Gary Ashford, from the Chartered Institute of Taxation (CIOT), said the new campaigns showed the Government had no intention of letting up on tax evasion.
"These campaigns may have a feel of déjà vu to many of us – but to those in the Revenue’s sights they are new and serious. They are a real statement of intent from the Government, and show they are determined to reach their target of bringing in an extra £7 billion over the Parliament through initiatives to tackle tax avoidance, evasion and fraud," he said.
Posters on TameBay's blogging website reacted to the news with some cynicism.
Gary posted: "They will get a better return by targeting premiership footballers and bankers and their various tax avoidence scams (sorry I mean schemes). Most of the home improvement folk that will be targeted are foreign and if they get any sense that HMRC are sniffing they will simply leave the country for a while before returning. Direct selling – how many sellers who don’t submit a return make a clear profit in excess of the £7500 personal allowance?

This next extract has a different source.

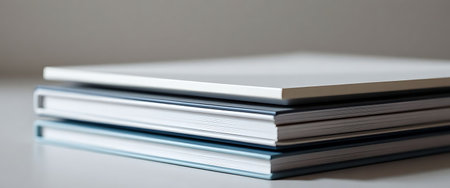 Minimal white hardcover book mockup standing vertically. Studio setup with solid background. Blank book cover. Design for invitation, postcard, banner, poster. High quality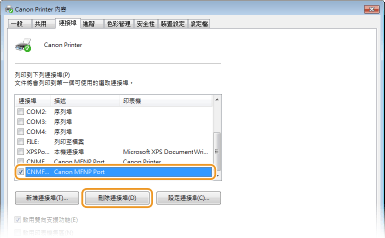 1 | 選擇要刪除的連接埠,然後按一下 [刪除連接埠]。 ![]() ![]() 您無法刪除目前設定為印表機連接埠的連接埠。若要刪除此連接埠,請選擇其他連接埠,並按一下 [套用] 設定為新的印表機連接埠,然後刪除原始連接埠。 |

"For many its part time. We full time sellers who moan about the “business privates” are ultimately realists and know that the competition from this area is never going to go away. In the scheme of things on the face of it this is going to net a very small return for the work required and HMRC, whilst making loud noises, will ultimately, as they always do, give up and move on.
"Only if eBay offer their full cooperation and open up their entire sales database to HMRC will HMRC get some sort of result. But are HMRC going to contact eBay and are eBay going to open up their database?"